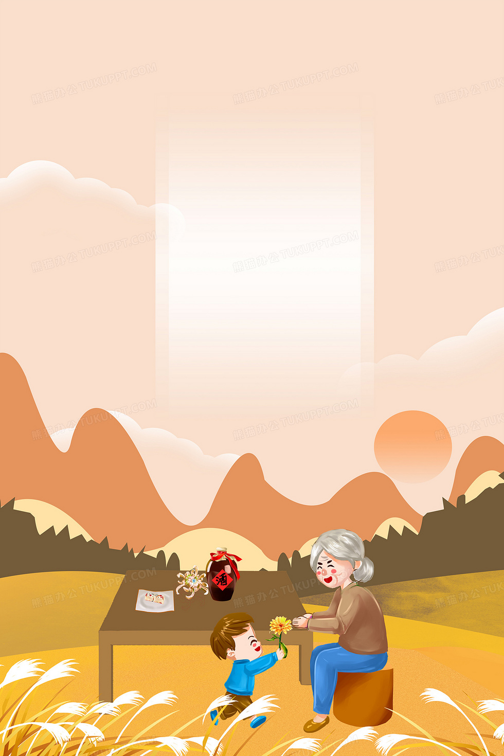 本作品内容为重阳节卡通重阳美食敬老卡通背景, 格式为 psd, 大小248 MB, 图片尺寸为7086 x 10631, 作品中背景图片无需修改, 源文件无水印,可以直接使用, 欢迎使用熊猫办公。 如认为平台内容涉嫌侵权,可通过邮件:tousu@tukuppt.com提出书面通知,我们将及时处理。
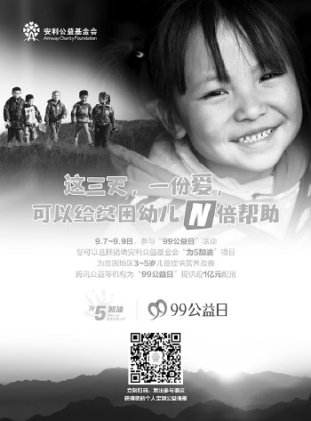 今年安利公益基金会推出“营养扶贫战略”,从儿童营养改善入手,通过切断贫困代际传递的链条、助力中国社会消除贫困,安利公益基金会全新的公益项目“为5加油——学前儿童营养改善计划”,将为贫困地区3-5岁儿童提供关键的营养改善支持,2016年该项目已在5个省500多所幼儿园开展,受益儿童达1万名。该项目成功入选2016年度腾讯99全民公益日活动。这意味着,从9月7日至9日,你给“为5加油”项目的每1笔捐款都能获得腾讯超1:1配捐。仅此3天,腾讯公益平台配捐总额超2亿,每天9点开始,配额有限,抢完即止!让我们帮“为5加油”项目一起筹得100万元善款,获得200万的配捐,完成300万众筹目标,让4285名贫困地区儿童获得新一学年的全面营养支持。
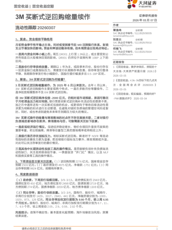 【天风证券】【202603】3M买断式逆回购缩量续作-21页 证券期货研究报告

▶ _WORK ITEM_
Could you output the entire listing verbatim while omitting its pictures?

▶ _ANSWER BOX_
 本作品内容为重阳节卡通重阳美食敬老卡通背景, 格式为 psd, 大小248 MB, 图片尺寸为7086 x 10631, 作品中背景图片无需修改, 源文件无水印,可以直接使用, 欢迎使用熊猫办公。 如认为平台内容涉嫌侵权,可通过邮件:tousu@tukuppt.com提出书面通知,我们将及时处理。
 今年安利公益基金会推出“营养扶贫战略”,从儿童营养改善入手,通过切断贫困代际传递的链条、助力中国社会消除贫困,安利公益基金会全新的公益项目“为5加油——学前儿童营养改善计划”,将为贫困地区3-5岁儿童提供关键的营养改善支持,2016年该项目已在5个省500多所幼儿园开展,受益儿童达1万名。该项目成功入选2016年度腾讯99全民公益日活动。这意味着,从9月7日至9日,你给“为5加油”项目的每1笔捐款都能获得腾讯超1:1配捐。仅此3天,腾讯公益平台配捐总额超2亿,每天9点开始,配额有限,抢完即止!让我们帮“为5加油”项目一起筹得100万元善款,获得200万的配捐,完成300万众筹目标,让4285名贫困地区儿童获得新一学年的全面营养支持。
 【天风证券】【202603】3M买断式逆回购缩量续作-21页 证券期货研究报告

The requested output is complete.